Japanese Film Festival 2008


The event's subtitle is The Hidden Treasures Of Japanese Cinema: Masterpieces From Its Golden Age - 1950s-1960s. The 1950s were indeed a golden age for Japanese film (as, previously, were the 1920s), with Akira Kurosawa's Rashomon introducing international audiences to Japanese cinema for the first time. However, the cinema of Japan does not begin and end with Kurosawa. The Japanese Film Festival emphasises the lesser-known directors of Japanese cinema's second golden age.

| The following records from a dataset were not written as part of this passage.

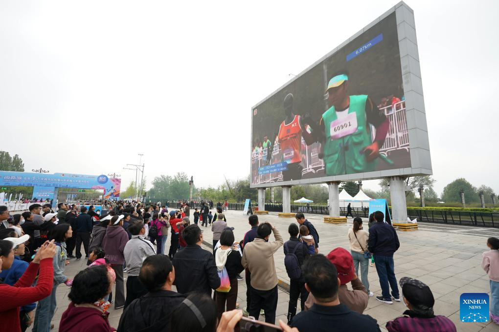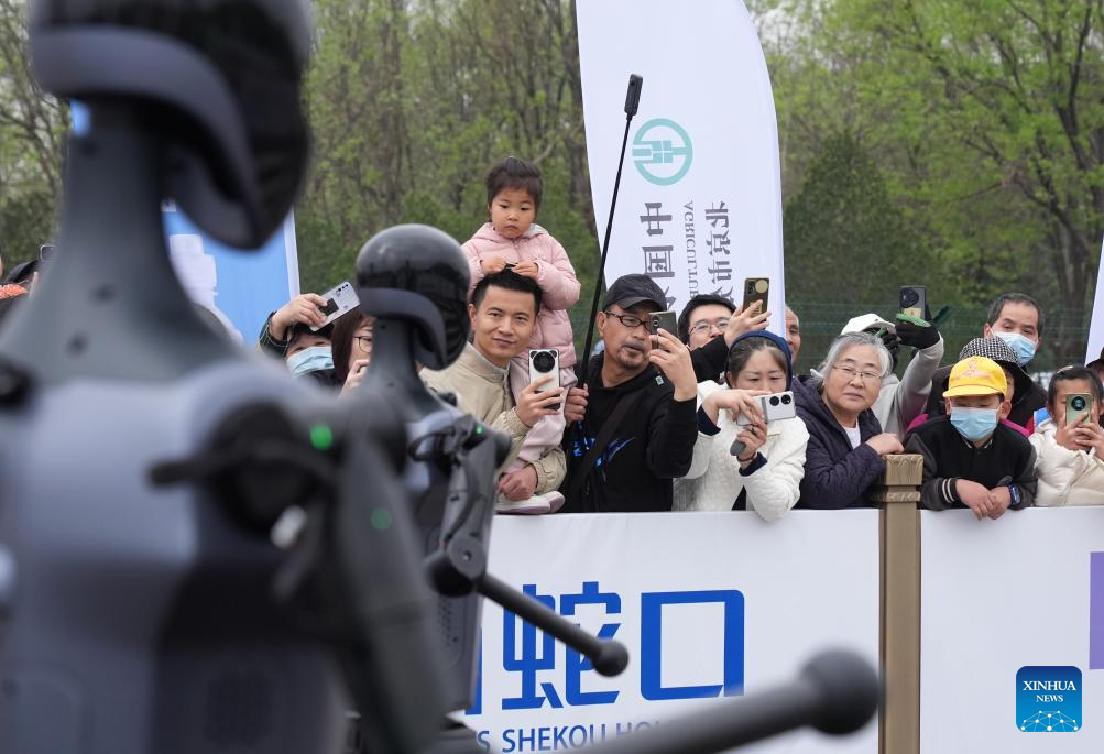 People watch the Beijing E-Town half-marathon and humanoid robots half-marathon in the Beijing Economic-Technological Development Area in southeast Beijing, China, April 19, 2025. (Xinhua/Zhang Chenlin)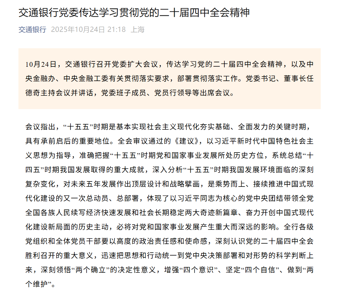 10月24日,工商銀行、農業(yè)銀行、中國銀行、建設銀行、交通銀行、郵儲銀行黨委紛紛召開會議傳達學習黨的二十屆四中全會精神,按照金融系統(tǒng)學習貫徹黨的二十屆四中全會精神會議的工作要求,研究部署貫徹落實舉措。
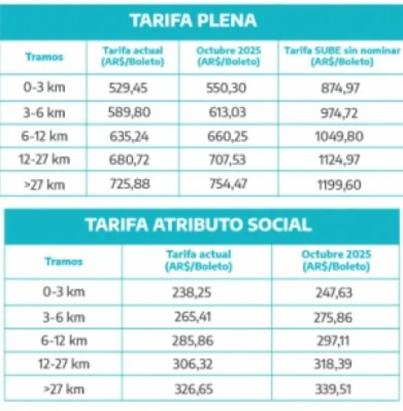 El Gobierno de la Provincia de Buenos Aires dispuso una actualización tarifaria del transporte público de pasajeros a través de la Resolución N.º 81/25. Así, para los servicios urbanos provinciales Gran Buenos Aires el boleto mínimo con SUBE costará $550,30 y sin tarjeta SUBE $874,97. En tanto, el boleto máximo saldrá con SUBE $754, 47 y sin SUBE $1199,60.

The schedule includes Gion Bayashi (Saturday at 8pm) by master director Kenji Mizoguchi, and the histroical drama Wild Geese by Shirou Toyoda (Sunday at 3pm). Also included is The Ghost Of Yotsuya (Sunday at 8pm), a classic interpretation of Japan's most famous ghost story by its greatest horror director, Nobuo Nakagawa. (The legend of Yotsuya is the Japanese equivalent of the Thai folk take Mae Nak, on which Nang Nak was based.) There are also two films by Mikio Naruse: Repast (Thursday at 7pm) and Sound Of The Mountain (Friday at 7pm). All films will be screened, free of charge, at the Grand EGV cinema, Siam Discovery Center. See jfbkk.or.th/event/jff2008_eg.html for the full schedule.